I am OK with the speed since most of the time I cruise 18-20 MPH anyway. Would a 4 blade SS prop help with hole shots and fuel efficiency? My research indicated that a 3-blade SS would increase top end speed. I am more concerned with getting up on plane faster and the best fuel efficiency. I also read that a "cupped SS prop" could solve the problems better than a 4 -blade prop?

May 2, 2022: Installed a new Solas 4 blade aluminum 11" pitch. A definite 50% hole shot improvement. Also stays on minim um plane even going into the wind. I lost about 1 mph WOT. However, I rarely use WOT. Also seems to stay on plane at 16 MPH. Would upgrading to a stainless 4 blade effect anything plus orminus?


----------



## brotatochip33 (Feb 18, 2017)

What is your WOT rpm. Prop pitch. And diameter. And style.


----------



## michaelgxx (10 mo ago)

brotatochip33 said:


> What is your WOT rpm. Prop pitch. And diameter. And style.


I do not have gauges. However, at full throttle there is no over rev warning so I can assume close to 6000 of the 6300 rpm maximum. Aluminum 3-blade prop 10 1/4 X 12. Tis is the prop that came with the new motor. Another number on the prop reads: DSC-1. Going from a 40 HP Yamaha to a 30 HP Suzuki the WOT appears predicable. However, I believe a few more MPH should be possible.


----------



## SS06 (Apr 6, 2021)

Subscribed, suzuki 30 here also


----------



## brotatochip33 (Feb 18, 2017)

Without real rpm numbers there is not much anyone will be able to suggest.


----------



## michaelgxx (10 mo ago)

brotatochip33 said:


> Without real rpm numbers there is not much anyone will be able to suggest.

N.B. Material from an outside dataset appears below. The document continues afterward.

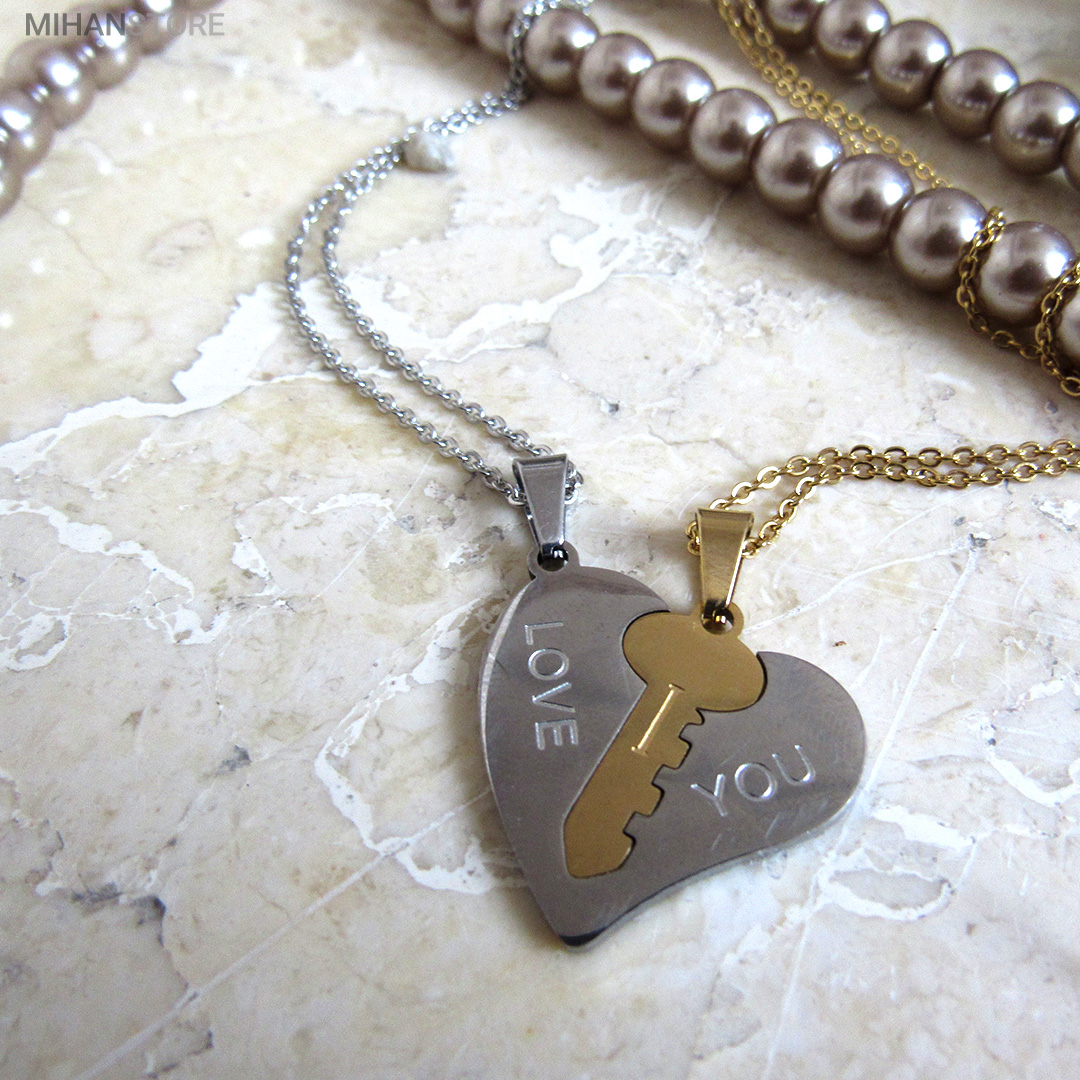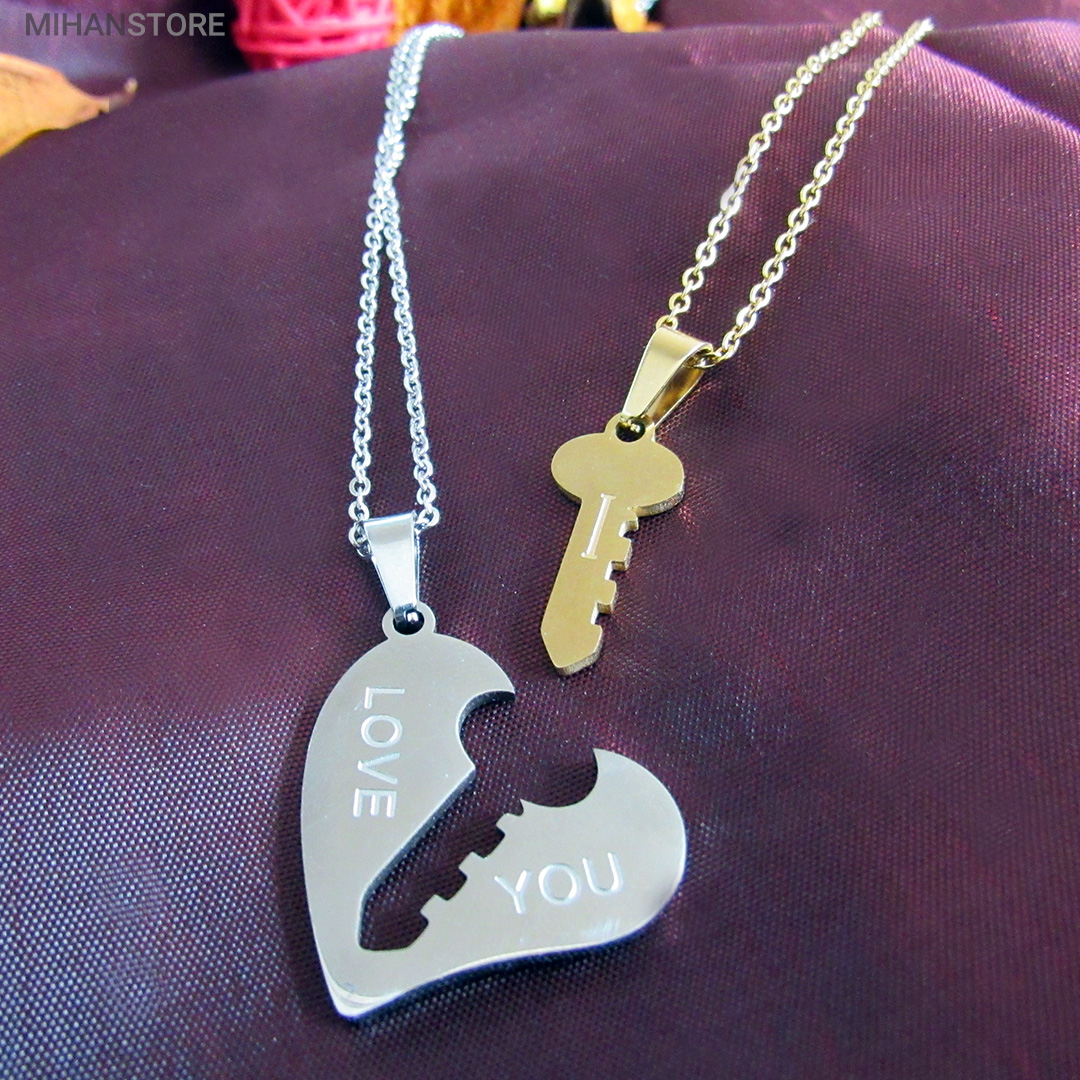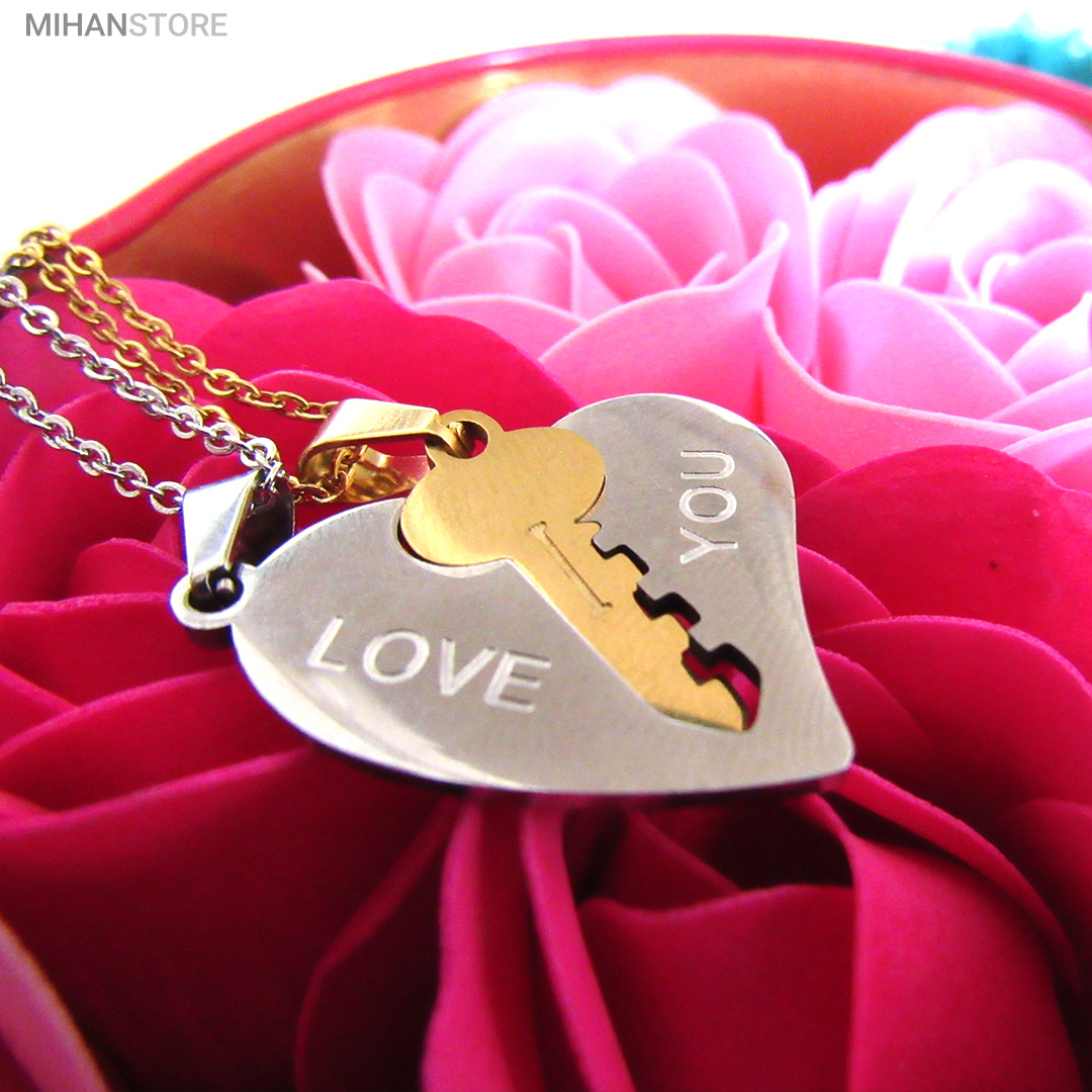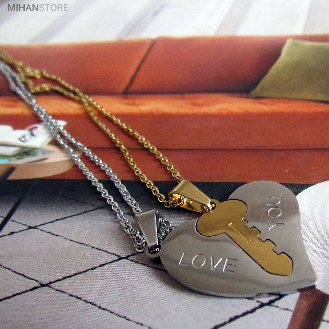 گردنبند دو تکه قلب و کلید استیل رنگ ثابت و ضد حساسیت که از یک پلاک قلب نقره ای و یک پلاک کلید طلایی تشکیل شده است و می تواند هدیه ای زیبا برای روز تولد و روز ولینتاین و… باشد. این مجموعه گردنبند زنانه و مردانه از جنس استیل Stainless Steel بوده و کلمه ی I LOVE YOY به معنای "دوستت دارم" با زیبایی و ظرافت بر روی آن ها حک شده است. این زیور به دلیل ابعاد ظریف و طراحی ساده و زیبایی که دارد براحتی مورد قبول سلیقه های خاص قرار میگیرد. گردنبند زنانه ی این مجموعه قلبی شکل کوچک با ابعاد 30 میلی متر است که قلب به رنگ نقره ای و کلید به رنگ طلایی است. طول زنجیر این آویز 44 سانتی متر است. استفاده از مواد اولیه ی با کیفیت، ظرافت در طراحی و همچنین استفاده از واژه ی "دوستت دارم" این مجموعه را به انتخاب مناسبی برای عشاقی که می خواهند یادگاری ای برای عشق جاودانه ی خود داشته باشند، تبدیل کرده است. همچنین زیبایی و خاص بودن این محصول یک هدیه ی مناسب و جالب برای سالگرد ازدواج و یا هر مناسبت مشابه دیگر میباشد.

You are correct. I will have to get the Suzuki gauge.


----------



## SS06 (Apr 6, 2021)

With just me I'm turning stock prop 6000 at 29mph on my BT Micro


----------



## michaelgxx (10 mo ago)

SS06 said:


> With just me I'm turning stock prop 6000 at 29mph on my BT Micro


I can never achieve 29 mph with my 15 foot Maverick HPX-V. Even with the original 40 Yamaha I got 34 MPH. With the boat loaded with me I am about 1100 LBS including 18 gallon livewell. I just ordered a 4-blade Solas prop 10 1/4X11Aluminum. If it increases hole shot I'll buy a stainless prop. I will be selling my stock aluminum prop if you are interested?


----------



## michaelgxx (10 mo ago)

SS06 said:


> With just me I'm turning stock prop 6000 at 29mph on my BT Micro


I see the gross weight on that model is 400 LBS. Your boat has a narrower beam and I am sure not as heavy as my 15 Maverick. The alleged 300 lb Maverick quickly gains weight. 300 LBS has to be the empty weight without a center console also. So I am at least 1000 lbs loaded with just me.


----------



## michaelgxx (10 mo ago)

brotatochip33 said:


> What is your WOT rpm. Prop pitch. And diameter. And style.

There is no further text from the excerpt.